Written By: Longjam Dineshwori | Updated : September 15, 2021 11:12 AM IST
Image credits by: Preeclampsia can be deadly for gestating mothers and their babies.
Preeclampsia is a dangerous pregnancy complication characterized by the development of high blood pressure and excess protein in the urine. It is estimated to affect 5 to 7 per cent of pregnant women worldwide. Preeclampsia can be deadly for gestating mothers and their babies. Often premature delivery is the only option in preeclampsia, and we know that premature birth can be life-threatening for babies and lead to lifelong consequences.
While it's not clear what exactly causes preeclampsia, a variety of risk factors are linked to the condition. One is antiphospholipid syndrome (APS), an autoimmune disease in which antibodies react to proteins on the surface of some cells. APS is rare disease, affecting only about 5 in every 100,000 people.
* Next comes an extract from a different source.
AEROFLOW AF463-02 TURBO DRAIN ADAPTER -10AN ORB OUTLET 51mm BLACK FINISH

However, APS antibodies have been found in about 29 per cent of pregnant women with preeclampsia.
A team of UT Southwestern scientists conducted a study to better understand how APS leads to preeclampsia, and found an enzyme called protein phosphatase 2 (PP2A) that appears to be a major driver of preeclampsia. They published the findings in Circulation Research, suggesting that it could lead to new treatments for preeclampsia that are far better for both mothers and babies, other than premature delivery.
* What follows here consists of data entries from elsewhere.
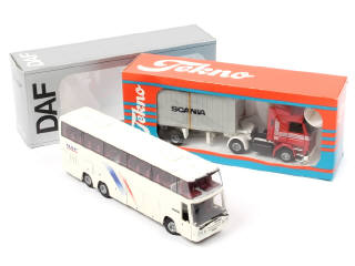 comprend : DAF SBR 3000 autocar & SCANIA 143M semi-remorque porte container
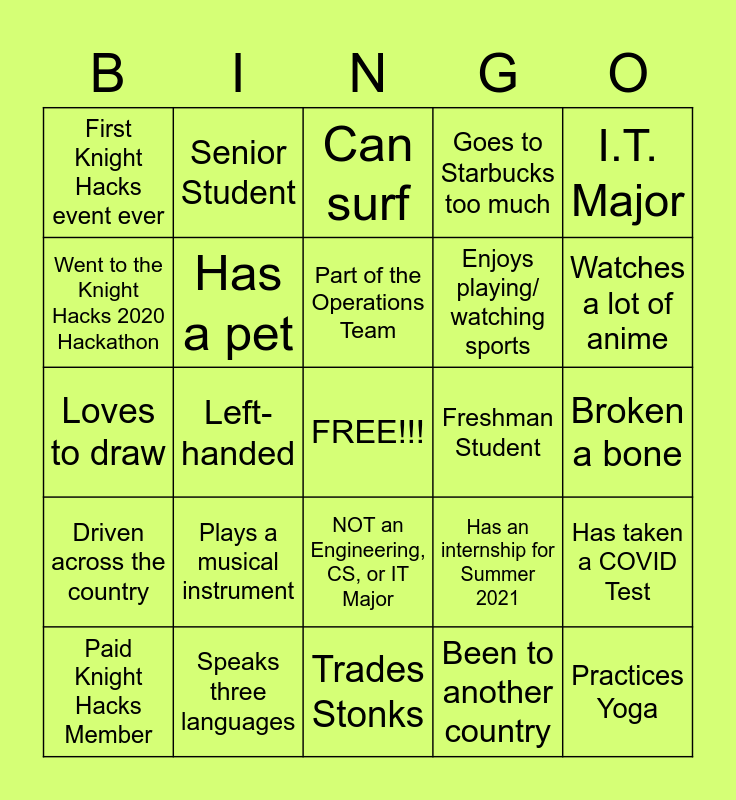 This bingo card has a free space and 24 words: Plays a musical instrument, Speaks three languages, Part of the Operations Team, Paid Knight Hacks Member, I.T. Major, First Knight Hacks event ever, Went to the Knight Hacks 2020 Hackathon, Senior Student, Freshman Student, NOT an Engineering, CS, or IT Major, Enjoys playing/ watching sports, Loves to draw, Has an internship for Summer 2021, Has taken a COVID Test, Has a pet, Been to another country, Broken a bone, Can surf, Watches a lot of anime, Left-handed, Practices Yoga, Driven across the country, Goes to Starbucks too much and Trades Stonks.
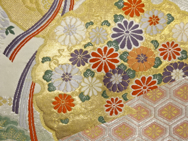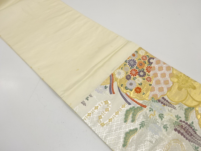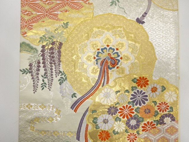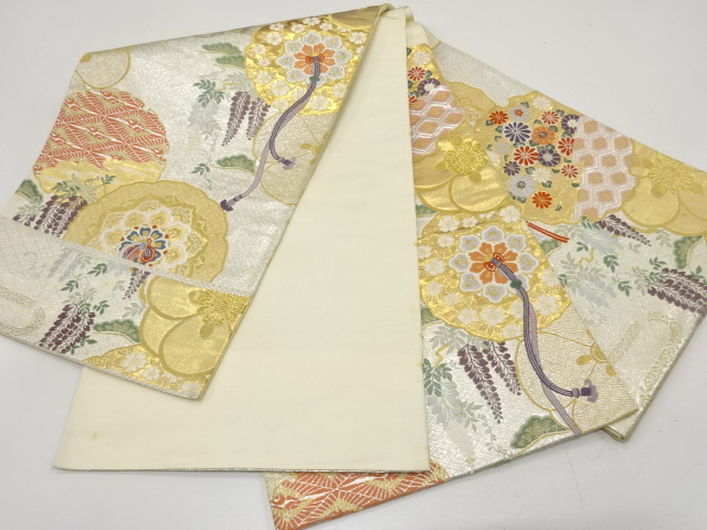 アンティーク 鏡裏に菊・藤・古典柄織り出し袋帯(材料)  new
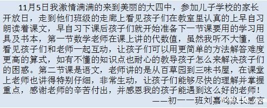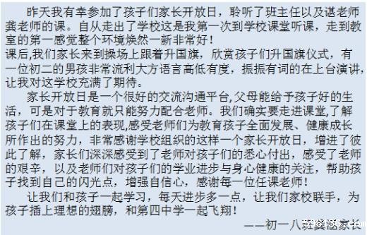课间,家长代表进入相应班级准备听课,在受到学生们热烈的欢迎后,家长代表表示感到很惊喜,同时坚信自己的孩子在大四中不仅能学到知识,还能学会修身做人。
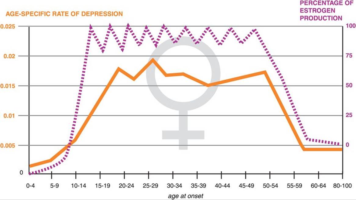 Figure 7-85. Incidence of depression across the female life cycle. The incidence of depression in women mirrors their changes in estrogen across the life cycle. As estrogen levels rise during puberty, the incidence of depression also rises; it falls again during menopause, when estrogen levels fall. Thus before puberty and after menopause, women have the same frequency of depression as men (Figure 7-84). During their childbearing years, however, when estrogen is high and cycling, the incidence of depression in women is 2–3 times as high as it is in men (Figure 7-84).
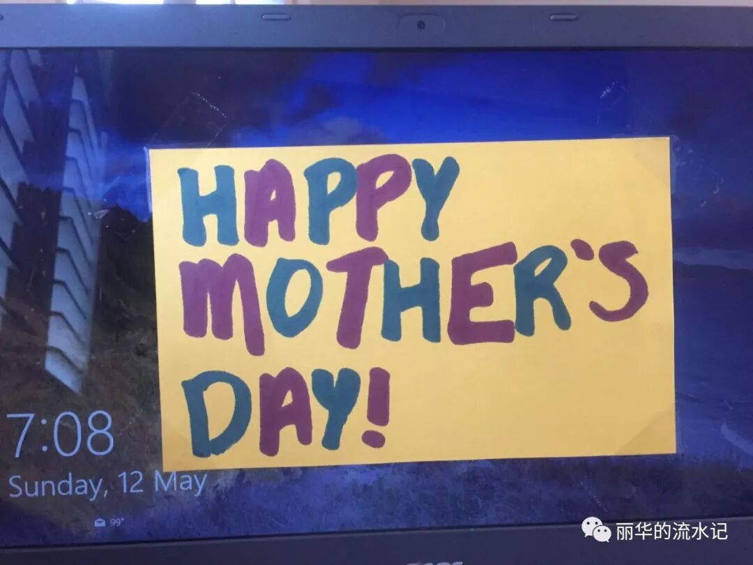 我睡眼惺忪地跑去先开电脑,一打开,屏幕上贴着:“母亲节快乐”。
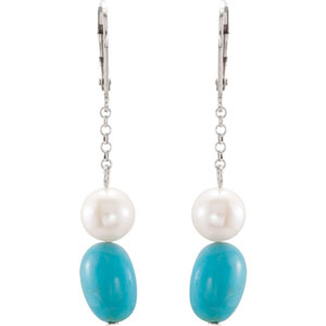 Set with:2ea 1.040 Ct -- 12x9 MM, Gemstone Stab. Turquoise2ea 7.5-8 MM, Potato Gemstone Fresh Water Pearl
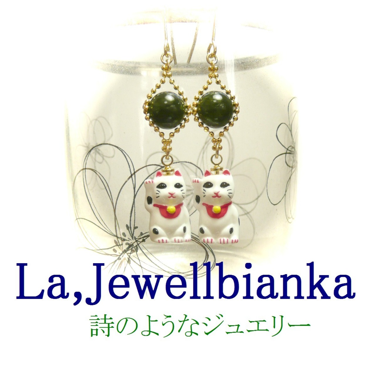 【招き猫】ネフライト/翡翠のピアス
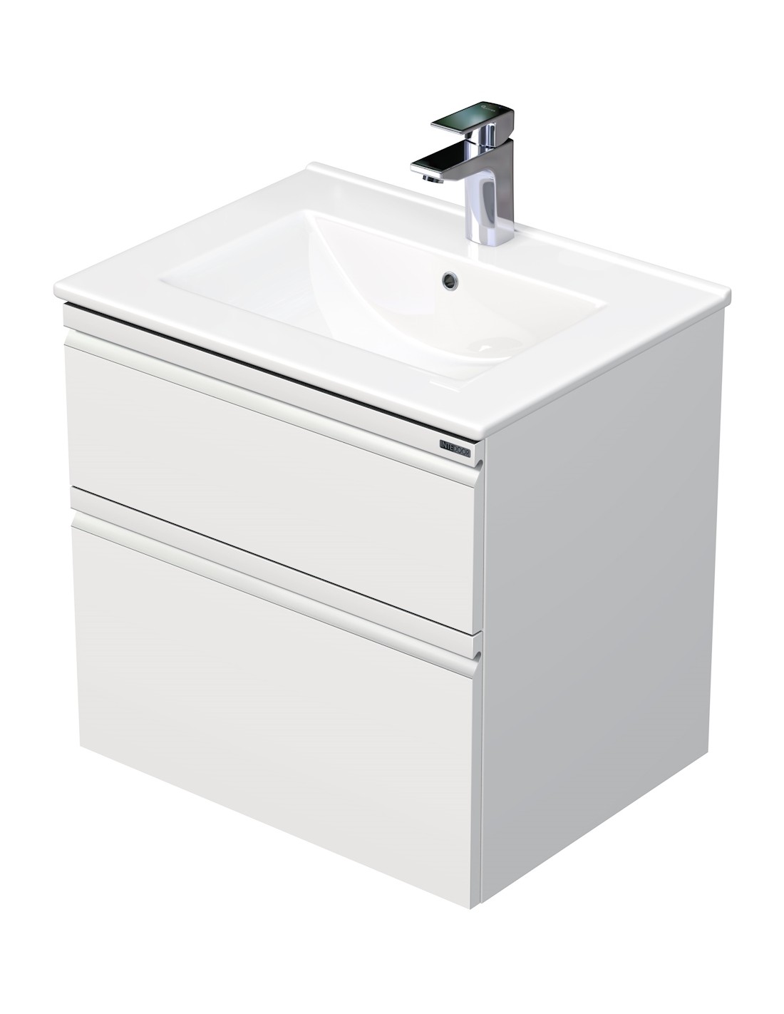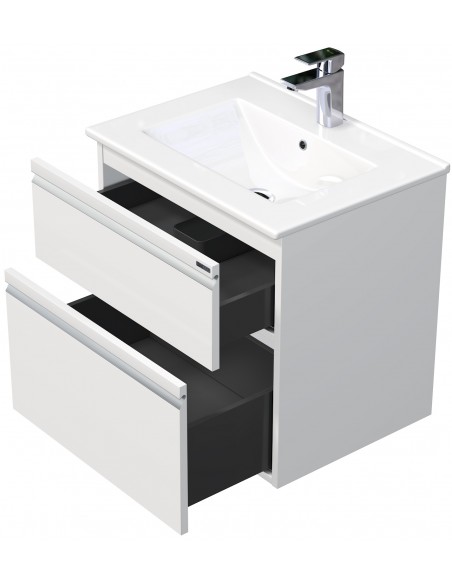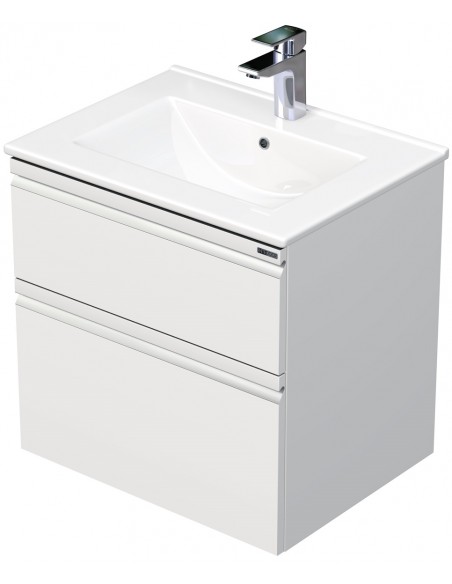 BRAVE Komplet badmiljø med håndvask til bordmonteret armatur. Badmiljøet kommer med 2 skuffer med softclose og er fremstillet i MDF. Håndvasken er fremstillet i hvid keramik. Badmiljøet måler 60 / 61 cm i bredden. Det viste armatur medfølger ikke i sættet.

The UT Southwestern scientists led by Dr. Philip W. Shaul, Professor and Vice Chair for Research in the Department of Pediatrics injected with APS antibodies in pregnant and non-pregnant mice. The pregnant animals developed high blood pressure and a rise in urine protein (which are characteristics of preeclampsia), but the blood pressure in nonpregnant mice remained unaffected.
Previous work had suggested that a protein called ApoER2 may be related to the harmful actions of APS antibodies on placental cells called trophoblasts, which normally travel from the fetal side of the placenta to the maternal side to provide the fetus with nutrients. In preeclampsia, these cells don't successfully make that connection.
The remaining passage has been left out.